|Deng, Qiji -|
|Song, Minxun -|
|Demers, Andrew -|
|Weng, Yuejin -|
|Lu, Wuxun -|
|Wang, Dan -|
|Kaushik, Radhey -|
|Li, Feng -|
Submitted to: Virus Research
Publication Type: Peer Reviewed Journal
Publication Acceptance Date: May 16, 2012
Publication Date: August 1, 2012
Citation: Deng, Q., Song, M., Demers, A., Weng, Y., Lu, W., Wang, D., Kaushik, R.S., Yu, Q., Li, F. 2012. Biochemical characterization of the small hydrophobic protein of avian metapneumovirus. Virus Research. 167:297-301. Interpretive Summary: Avian metapneumovirus (aMPV), previously known as turkey rhinotracheitis virus or avian pneumovirus, is a paramyxovirus that causes acute respiratory disease in turkeys and has recently emerged as a major economic problem for the world-wide poultry industry. Like some of paramyxoviruses, aMPV has a membrane-associate small hydrophobic protein (SH). Sequence analyses have shown that SH proteins among the different paramyxoviruses vary significantly in size as well as the primary sequence. However, little is known about the function of the SH protein in virus pathogenesis. In the present study, we characterized aMPV SH protein with respect to its biological properties. We showed that the aMPV SH protein is modified by N-linked sugars and can be released into the extracellular environment. Furthermore, we demonstrated that sugar linked aMPV SH proteins form homodimers through cysteine-mediated disulfide bonds, which has not been reported previously for the SH proteins of paramyxoviruses. Taken together, our study has demonstrated some important biochemical properties of metapneumovirus SH protein and represents the first step toward defining the role of SH protein in metapneumovirus replication and pathogenesis.
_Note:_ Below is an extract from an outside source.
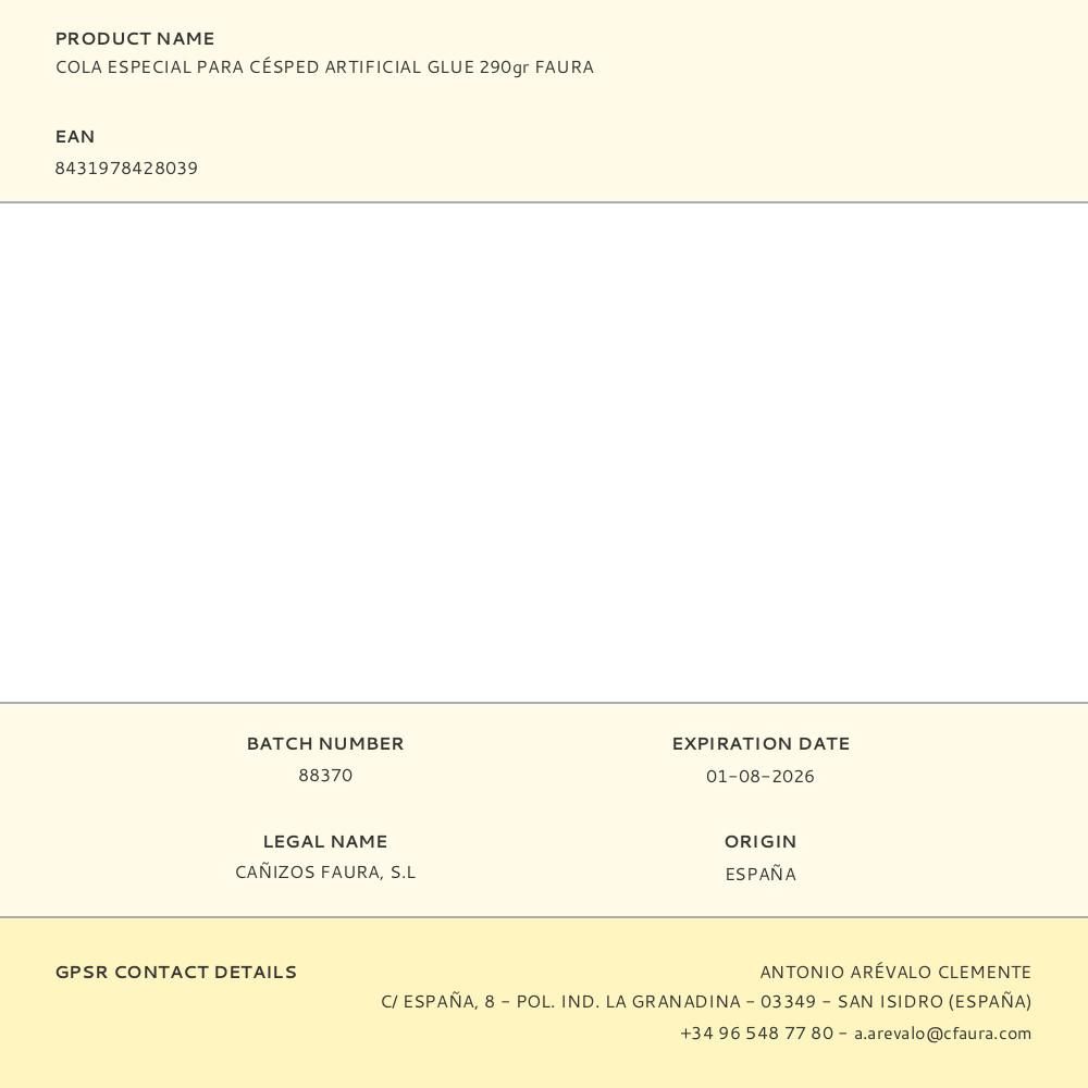 COLA ESPECIAL PARA CÉSPED ARTIFICIAL GLUE 290gr FAURA. APLICACIÓN CON PISTOLA, COLOR VERDE. ADHESIVO ESPECIAL PARA CÉSPED ARTIFICIAL. MUY BUENA ADHESIÓN Y SECADO ULTRA RÁPIDO. APTA PARA SUPERFICIES HÚMEDAS. GRAN RESISTENCIA A LOS RAYOS UV Y A LA INTEMPERIE. APLICABLE TANTO EN INTERIOR COMO EN EXTERIOR. TOTALMENTE EXENTO DE ISOCIANATOS, SILICONAS Y DISOLVENTES. APTO PARA LA ADHESIÓN SOBRE LA GRAN MAYORÍA DE MATERIALES DE CONSTRUCCIÓN: HORMIGÓN, LADRILLO, CERÁMICA. SIN OLORES MOLESTOS. NO REQUIERE USO DE GUANTES.

Technical Abstract: Avian metapneumovirus (aMPV) is a paramyxovirus that has three membrane-associate proteins: glycoprotein (G), fusion (F), and small hydrophobic (SH) proteins. Among them, the SH protein is a small type II integral membrane protein that is incorporated into virions and is only present in certain paramyxoviruses. In the present study, we showed that the aMPV SH protein is modified by N-linked glycans and can be released into the extracellular environment. Furthermore, we demonstrated that glycosylated aMPV SH proteins form homodimers through cysteine-mediated disulfide bonds, which has not been reported previously for the SH proteins of paramyxoviruses.